Sob sua liderança, a Neomode conseguiu R$ 100 mil em investimento da fabricante de cosméticos L'Oréal em 2016. Desde então, a empresa já levantou sete investimentos-anjo e tem 15 clientes ativos, entre eles, a fabricante de cosméticos O Boticário. "Até agosto, pretendemos fechar uma nova rodada e levantar entre R$ 1 milhão e R$ 3 milhões", revela a executiva. A meta é chegar a 40 clientes até o final do ano.
Exemplos como o de Fabíola mostram que o cenário está começando a mudar para as mulheres. "Esse número de fundos e investidores-anjo que investem em mulheres vai melhorar quando tivermos mais empreendedoras prontas para desenvolver soluções que se conectam com essas oportunidades de negócios escaláveis", diz Danieli Junco, fundadora da aceleradora B2Mamy, que apoia mães empreendedoras.
Já para Amure Pinho, presidente da Associação Brasileira de Startups (ABStartups), aumentar a presença de investidoras no ecossistema é fundamental para mudar a realidade. "É uma questão de empatia, já que homens e mulheres têm jornadas diferentes", diz. "Se, na frente da empreendedora, estivesse uma mulher investidora, talvez ela se identificasse mais e investisse no projeto." Quem já investiu em mulheres reconhece a boa gestão das startups. "Até prefiro trabalhar com empreendedoras, pois elas costumam ter um foco maior", diz Ajnsztajn.
 

Novas iniciativas ajudam a 'equilibrar' a balança

Após trabalhar 10 anos como consultora no setor de tecnologia, Carine Ross, de 32 anos, percebeu que podia ajudar outras mulheres que seguiam carreiras nessa área. No ano passado, ela cofundou o Programa Elas, uma escola de liderança feminina. Trata-se de uma das novas iniciativas no País para promover a igualdade de gêneros nas empresas.

"As mulheres têm uma educação que nos faz ter dificuldades diferentes das dos homens", diz Carine. "Ensinamos como aprender a lidar com o estresse, a ansiedade e a baixa autoestima."

As turmas do Elas são de 30 mulheres, e as aulas acontecem em um fim de semana por mês durante três meses. O processo é composto por avaliações pessoais e dinâmicas. "Depois da primeira turma, 30% das alunas foram promovidas", conta Carine. "É como se a gente as tivesse ensinado a 'hackear' o sistema."

Lidar com desafios específicos das mulheres também foi o que motivou Danieli Junco a empreender. Em 2015, após engravidar, ela sentiu que precisava trabalhar em algo com um propósito maior e que fosse possível conciliar com a maternidade. Assim, em 2016, nasceu a B2Mamy, aceleradora que dá mentoria para mães que querem empreender.

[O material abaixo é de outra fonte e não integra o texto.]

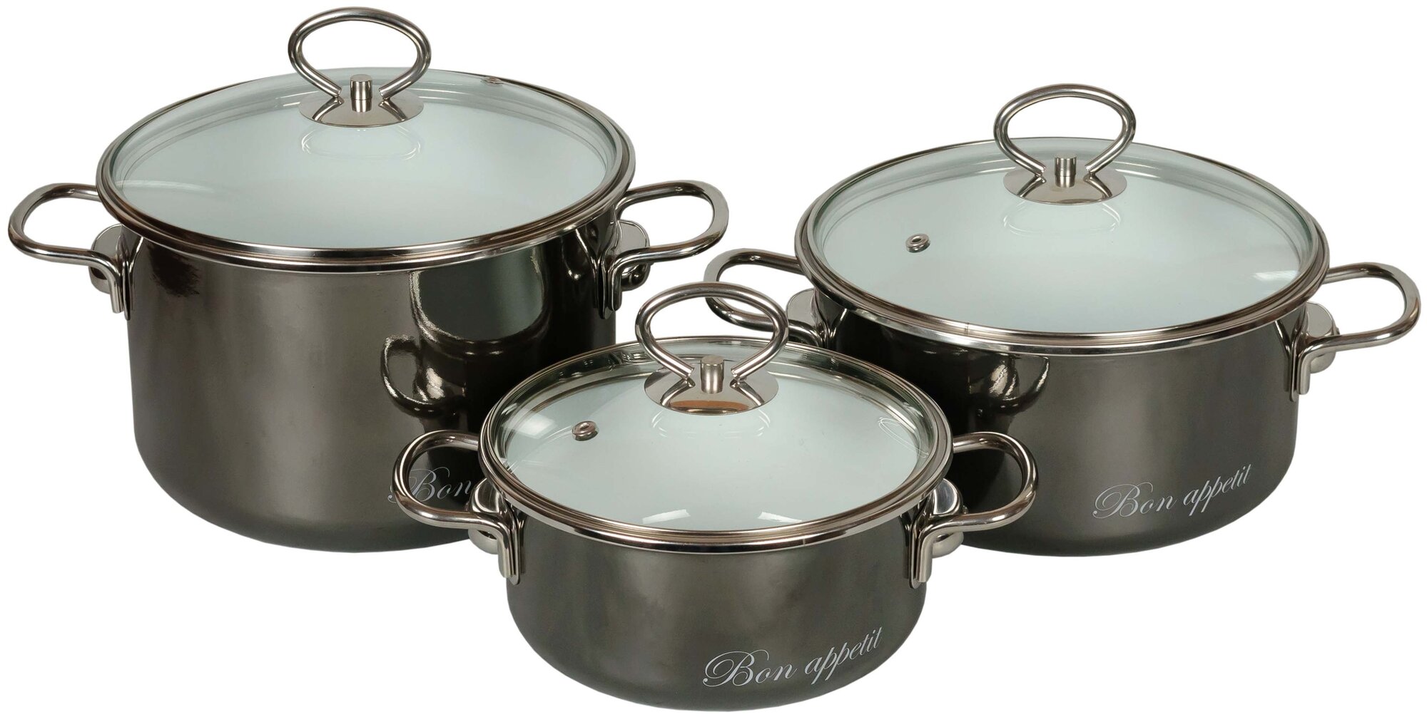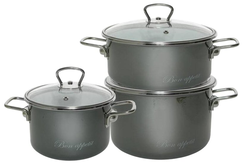 Набор кастрюль эмалиров. №13 "BON APPETIT" мокр. Асфальт (2 + 3 + 4 Л) "стальэмаль" 8DB135S
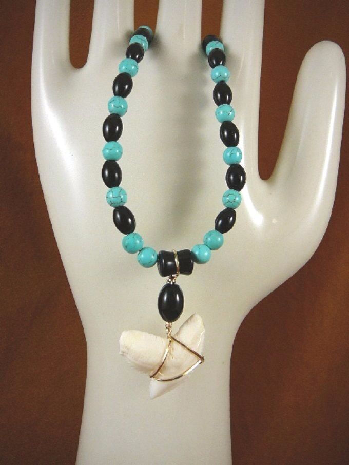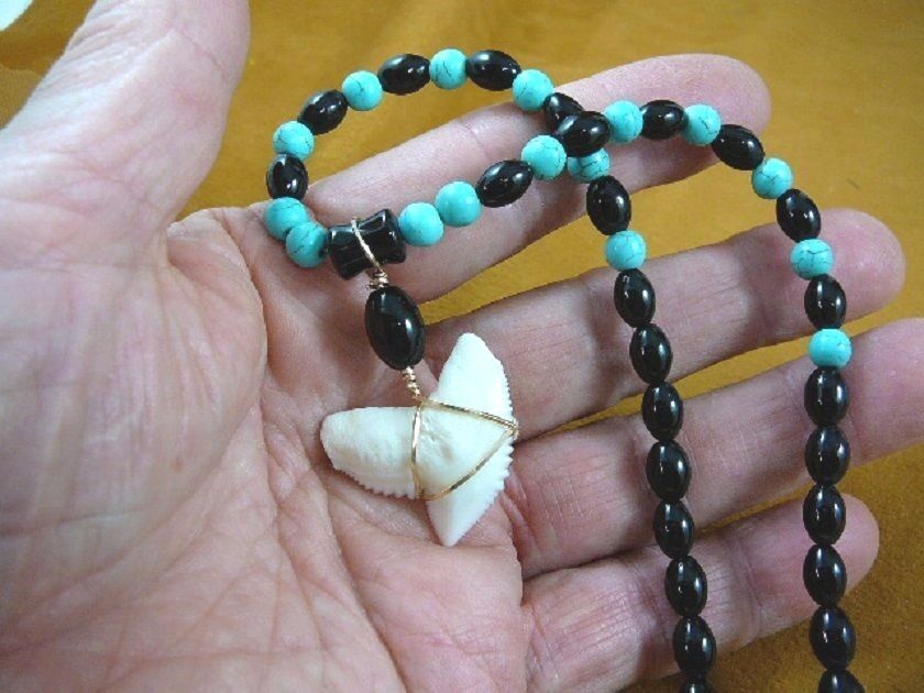 (internal #S5-42) Modern tiger shark tooth 1-1/4". Tooth wired as a pendant with gold tone wire, on 20" rice black onyx and round Chinese turquoise bead necklace (8x6 and 6 mm), with barrel twist closure.
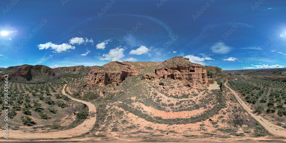 360 Pano VR image. Troglodyte city excavated in the mountain. Ancient medieval caves in the mountains. Panoramic aerial view. Andalusia. Spain.
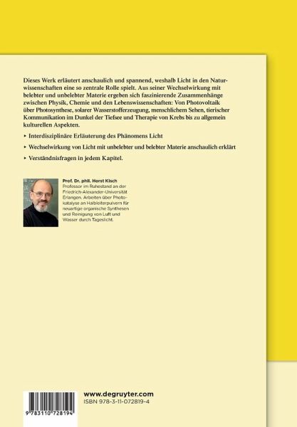 Dieses Werk erläutert anschaulich und spannend, weshalb Licht in den Naturwissenschaften eine so zentrale Rolle spielt. Aus der Wechselwirkung von Licht mit belebter und unbelebter Materie ergeben sich faszinierende Zusammenhänge zwischen Physik, Chemie und den Lebenswissenschaften. Von Photovoltaik über Photosynthese bis zur solaren Wasserstofferzeugung werden die zugrundeliegenden physikalisch-chemischen Prinzipien behandelt.
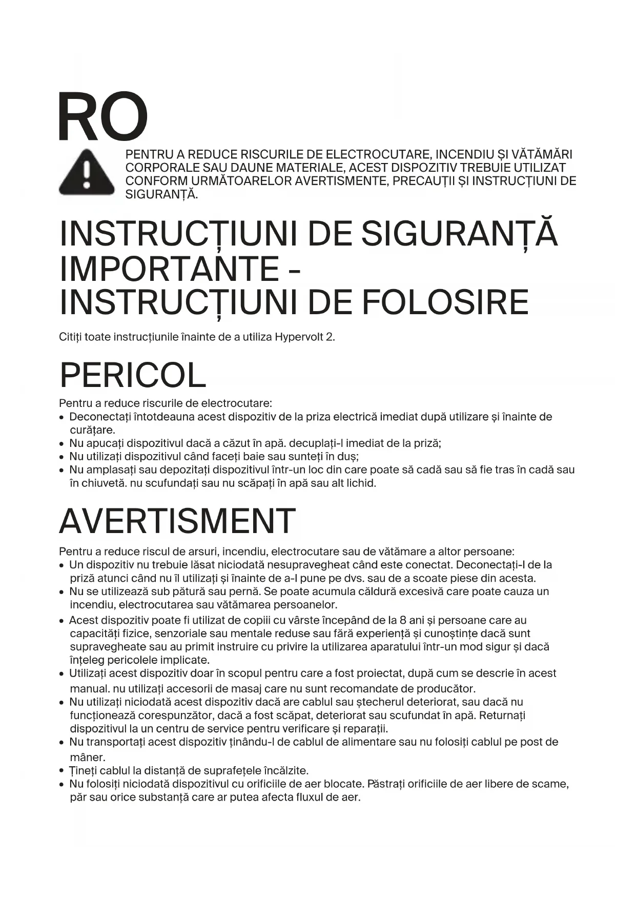 Citii toate instruciunile înainte de a utiliza Hypervolt 2. PERICOL Pentru a reduce riscurile de electrocutare:
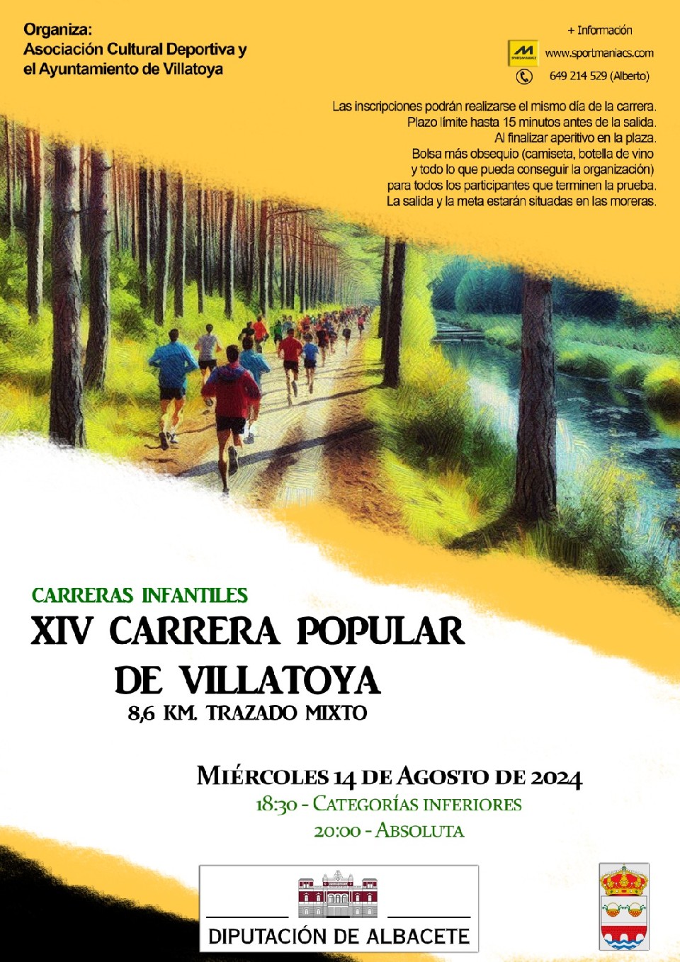 1ª. La asociación Cultural Deportiva junto al Ayuntamiento de Villatoya organiza la XIII Carrera Popular de Villatoya que se celebrará el lunes 14 de Agosto a las 20:00 horas.Podrá participar cualquier persona que se crea capacitada.

Segundo Danieli, as mães têm desafios diferentes das mulheres em geral. "Montamos um sistema de comunicação em que elas fiquem confortáveis em perguntar e aprender, mas mantemos a velocidade das startups", diz. Em dois anos, a B2Mamy já teve 75 empresas aceleradas.

Na outra ponta da cadeia de negócios está Maria Rita Spina. Em 2013, a diretora da Anjos do Brasil percebeu um incômodo: estava cercada somente por investidores homens. Então, ela deu início ao movimento Mulheres Investidoras-Anjo (MIA) ao lado de outras investidoras-anjo, como Ana Fontes, da Rede Mulher Empreendedora; e Camila Farani, da G2Capital.

Desde que foi fundado, o movimento viu sua base de investidoras-anjo cadastradas saltar de cinco para 28. Nesse período, o MIA já identificou, ao menos, 500 mulheres com potencial. "A mulher tem dificuldade de investir por desconhecimento, mas, depois que ela começa, deslancha", diz Maria Rita.